One assumption made in reaching the conclusion is that the buoyant force on the object being weighed is negligible. In the case of the balloon, this is incorrect. The buoyant force on this balloon is equal to the weight of the air displaced.
Since the volume of air inside the balloon is essentially the same as the volume of air displaced, we should expect that the buoyant force would support the weight of the air inside the balloon: The reported mass should not go up at all, because the force required of the scale should not change.
The increase in reported mass of .1 gram is attributed to the higher density of the air inside the balloon: The tension in the balloon compresses the air inside, as attested by the pressure required to blow the balloon up.

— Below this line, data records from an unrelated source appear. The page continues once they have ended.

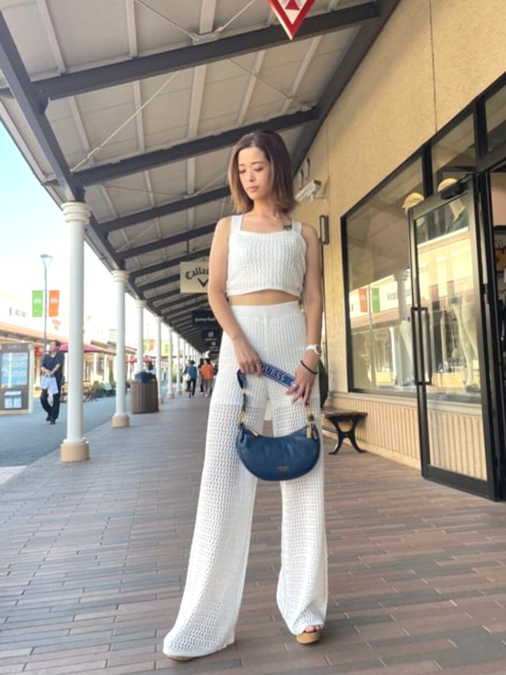 気温が高くなってきたので爽やかにホワイトのset upで(^^)☆ BAGは最近お気に入りのブルー♫ ハンドル部分にはブランドのロゴをあしらていてGUESSらしいアクセントですね。 キレイめ、スポーティー、どちらにも合わせやすいアイテムですよ!!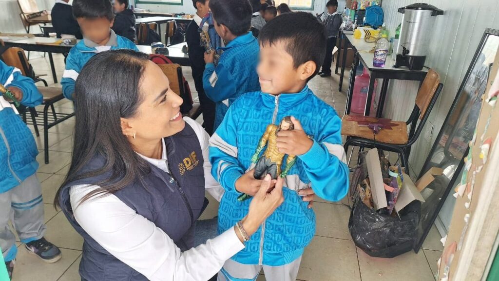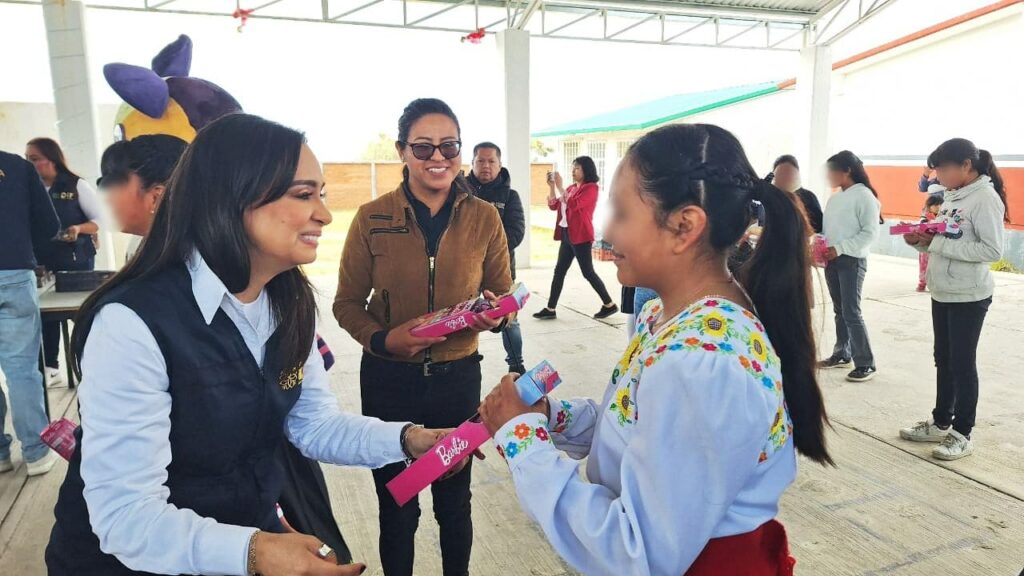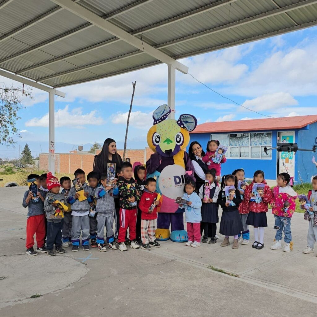 Fue en la escuela primaria indígena Xochikoskatl, y en el preescolar Conafe Citlalli Apan Militzi del barrio San Nicolás del Municipio de San Pablo del Monte, donde la presidenta honorífica del SEDIF, Mariana Espinosa de los Monteros Cuéllar, marcó el inicio de la entrega de juguetes a niñas y niños de comunidades vulnerables.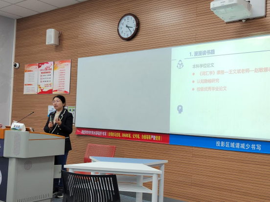 吴丹苹老师首先从自身出发,向同学们介绍了自己的漫漫读书路。她回顾了自己的学习生涯,从本科一路走来到博士的求学之路,分享了自己在学习中的喜怒哀乐,以及在面临困难时如何重新出发燃起斗志,继而一步步脚踏实地不断奋进的故事。接着吴老师着重阐述了科研的道与术,以深入浅出的方式向同学们介绍了如何找文献、如何读文献、如何做笔记以及如何更进一步通过自身的思考来汲取和提炼,从而形成自己的科研感悟和输出。吴老师以极其真诚的态度,与人为善的思想,以自己真实的学习和科研经历为例,循循善诱引导同学们习得、感悟和反思。与此同时她还特地强调了阅读的力量,分享了自己阅读和她员工阅读的体会,并向大家推荐了几本好书。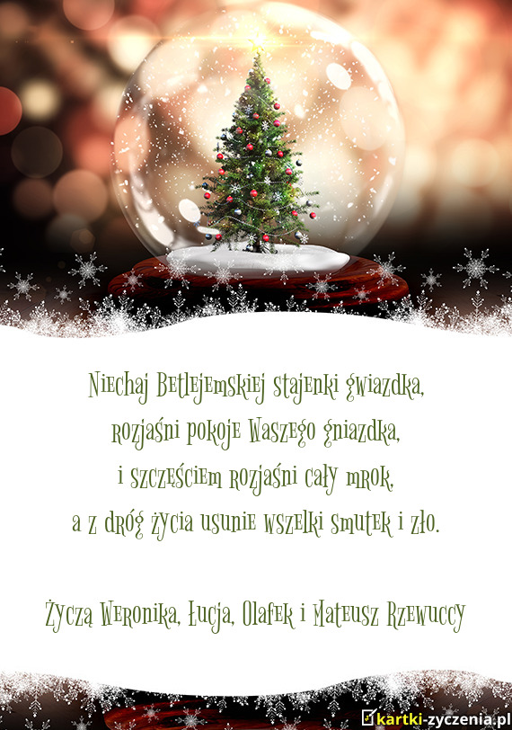 ūyczą Weronika, Łucja, Olafek i Mateusz Rzewuccy - Gotowa Kartka bożonarodzeniowa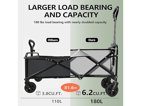 - Rational Design: Built-in double bearings to ensure a max loading capacity, which can roll smoothly and with less effort and have strong maneuverability enough to keep its goods intact over mud, grass, bumps, and curbs.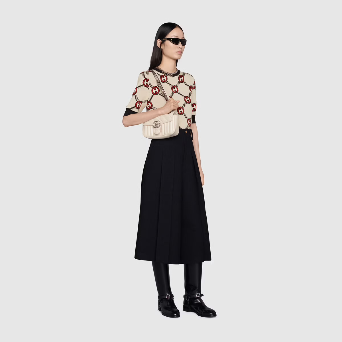 The Gucci Aria collection is an exploration of the House’s most emblematic codes and symbols. The GG Marmont is synonymous with its matelassé leather and monogram hardware. Here, the mini shoulder bag is reimagined with a new geometric take on its signature finish that combines vertical and diagonal motifs.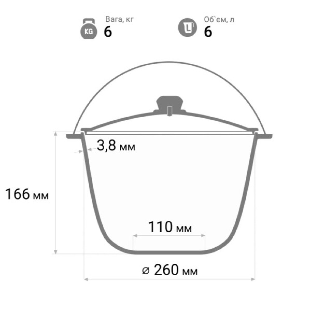 Котел, туристичний, Brizoll, чавунний, з, кришкою, 6, л, KT061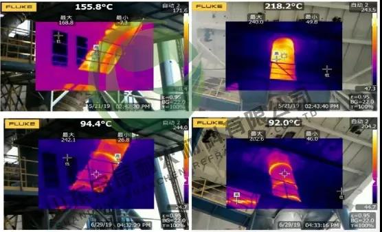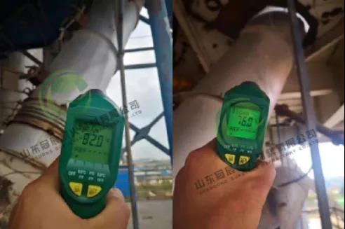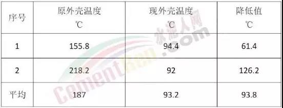 新型納米微晶管安裝到下料管中并投入使用后,在正常生產(chǎn)運(yùn)行中,用專門的紅外線成像測溫儀器,對更換的部位進(jìn)行測溫,溫度改善效果詳細(xì)見下表。
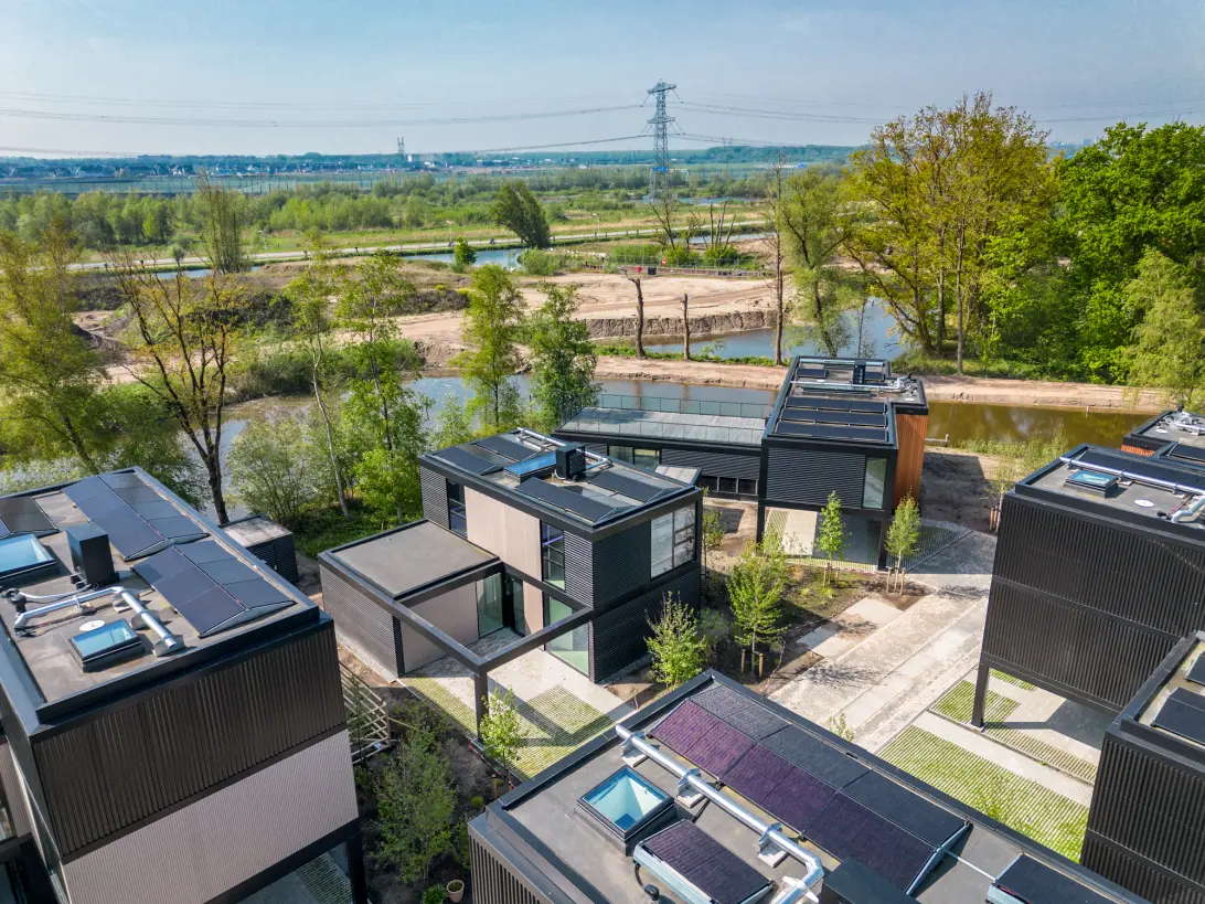 Staal, zwart glas en daglicht, deze elementen vormen de inspiratie voor de spectaculaire villa’s ontworpen door Courage architecten. De uitzonderlijke architectuur past uitstekend bij de prachtige locatie in Muiden, gelegen langs de oude transportsloten van Het Kruitbos tussen een oase van groen met een industriële historie. Elke villa heeft een unieke ligging en is stijlvol vormgegeven. Dankzij de verdiepingshoge ramen hebben de villa’s een zee aan licht, schitterend uitzicht en een optimale verbinding met de natuurlijke omgeving.

Evidently, for this experiment, the pressure inside is greater than atmospheric by about 2%.
In the picture at right, the balloon is being pressed into a pan of liquid nitrogen. (The pan is the styrofoam lid of a small lunch box.) The balloon floats lightly on the liquid nitrogen unless pressed down. Pressing down places more surface area in contact with the cold nitrogen and speeds the demonstration. It is interesting to note the buoyant force by this liquified constituent of air.
The balloon shrinks dramatically, as indicated below. When left in contact with the liquid nitrogen long enough (perhaps 5 minutes) the oxygen inside the balloon liquifies, and then the nitrogen liquefies also. Close observation of the photo at the upper left corner of the pan shows some liquid nitrogen bubbles may forming above the dark spot in the center of the pan. One can also make out a faint line at the upper left corner of the pan which is the liquid nitrogen surface. The balloon still floats, riding rather high on that surface. Evidently, some of the balloon contents remain in the gas phase, making the mass of the balloon less than the mass of the displaced liquid nitrogen.

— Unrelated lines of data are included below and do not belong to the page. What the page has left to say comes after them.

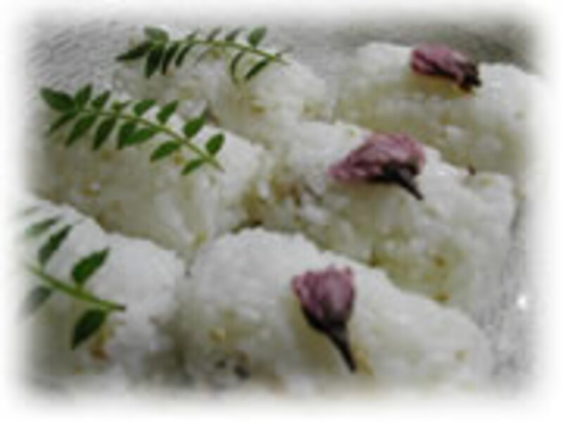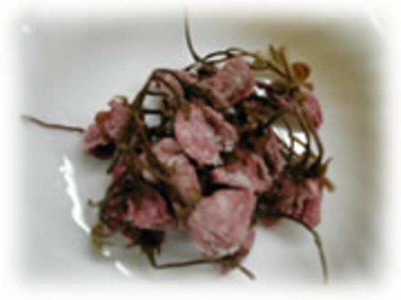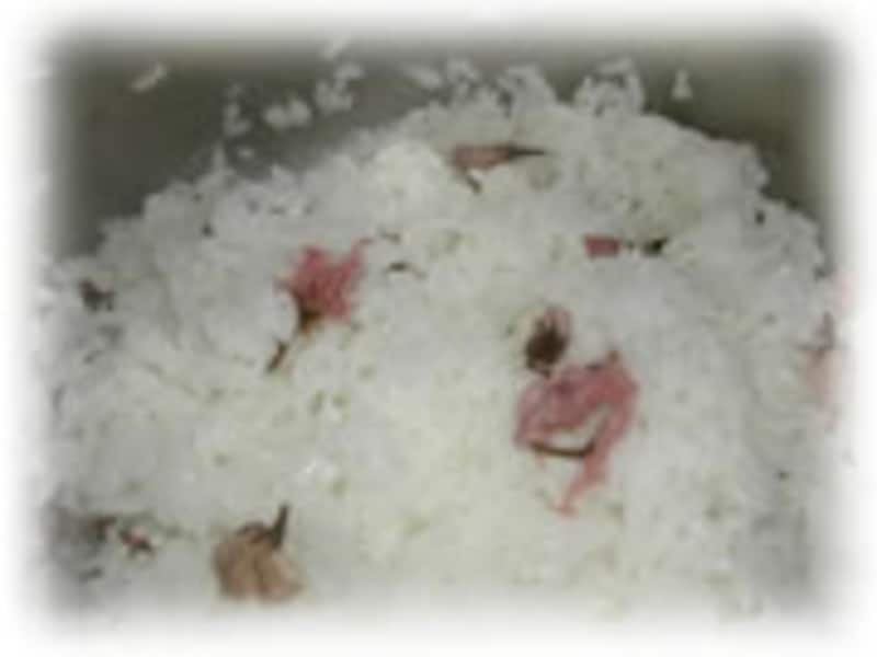 | 材料:4人分 米3カップ、ダシ昆布10cm、酒大さじ1、塩小さじ1/2、水3カップ。 | 桜の花の塩漬け40g:桜の花の塩漬けは、さっと水洗いをして布巾で水気をとり、花びらはそのまま、茎は細かく切っておきます。 | |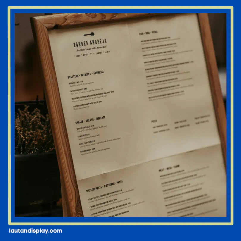 Selain itu, menu juga berfungsi sebagai alat marketing. Lewat penyusunan layout, kamu bisa menonjolkan menu signature, seasonal dish, bundling, atau promo dengan strategi visual yang tepat. Intinya, menu bukan hanya informasi menu adalah taktik marketing.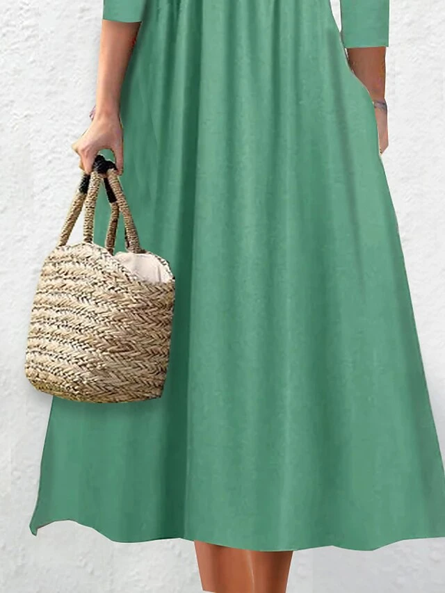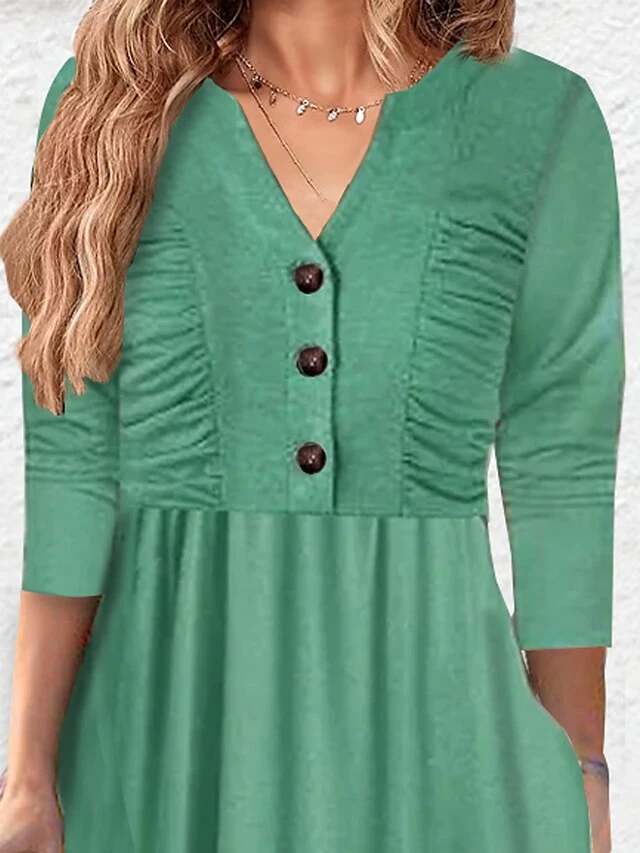 Women’s Casual Dress Plain Dress Empire Waist Dresses Midi Dress Ruched Button Outdoor Daily Vacation Fashion Classic V Neck Long Sleeve 2023 Loose Fit Pink Green Color S M L XL XXL Size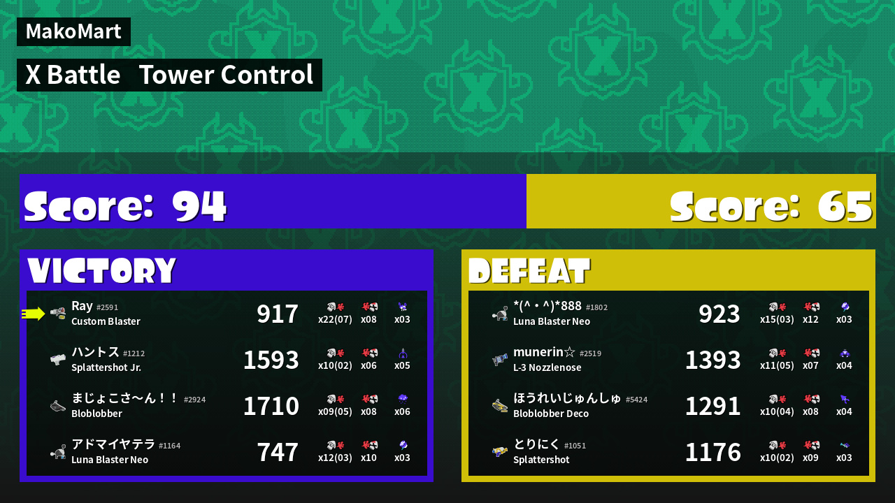 | Mode | Tower Control - X Battle | ||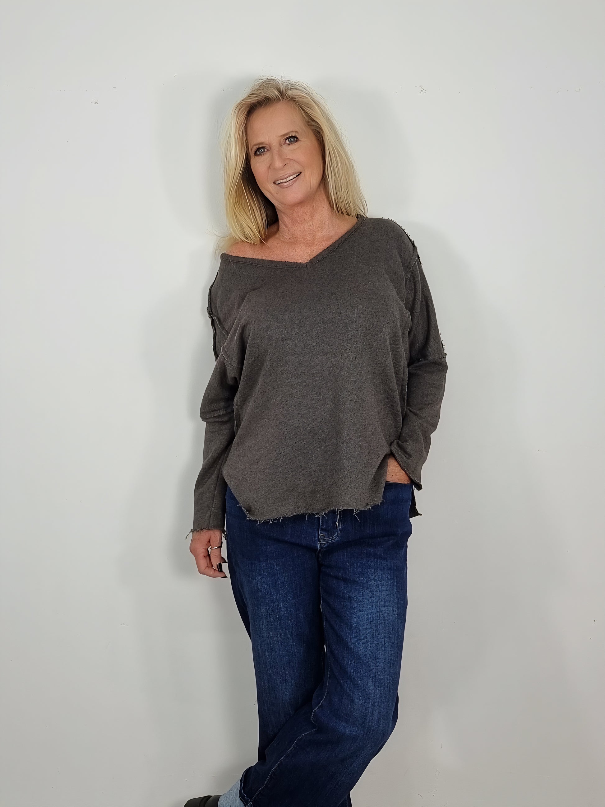 🌿 Lässiges V-Neck Shirt mit ausgefransten Nähten

Next, we take the shrunken balloon and place it back on the scale, as above. In this instance, the reported mass is 8.7 grams, an increase of 5.2 grams.
A look at the figure on the right shows a faint line near the bottom of the cold balloon. Above that line, the balloon contains gas; below the liquid. That line represents the top surface of the liquid air inside the balloon. With this evidence, the easy thing to say would be, "Of course, liquids are heavier than gases," but that would be incorrect. We assert that the amount of air inside the balloon has not changed and that the mass of that air is not dependent on temperature.
If these assertions are true, then the force of gravity on the balloon has not changed. The scale reading is determined by the force which it must exert on the balloon in order to keep it stationary. Evidently, the required force is larger when the balloon is shrunken. The reason is that the buoyant force (upward) has decreased to practically zero, leaving the scale alone to balance the downward force by gravity.
From the data, we can say that the change in the buoyant force is equal to the weight associated with the apparent change in mass. The weight of 5.2 grams is about .052 newtons. The buoyant force is less now because the balloon displaces less air. If we could measure the change in volume of the balloon as DV, then the buoyant force would be (r g DV) upwards, where r is the density of air that was displaced by the balloon, and g is the gravitational field strength, 9.8 Newton/kg.
Note that the .052 newton force is not the weight of the air inside the balloon. Rather, it is the weight of the air that was displaced by the balloon. If we ignore the compression of air inside the balloon, the two numbers are the same. However, the two samples are completely different.
We can estimate the volume of the balloon by assuming that the hand in the photograph is about .1meters across. For purposes of estimation, we say that the volume shrank to almost zero when the balloon was cold so that the change in volume was nearly equal to the original volume. Plugging in numbers gives fair agreement with the book value of 1kg/cubic meter for the density of air.
The value for the density of air is secondary to two main features of this demonstration:
Large changes in temperature produce the large changes in volume that are indicated by the ideal gas equation.
The mass of air in a volume equal to the volume of a balloon can be determined provided that the buoyant force is understood.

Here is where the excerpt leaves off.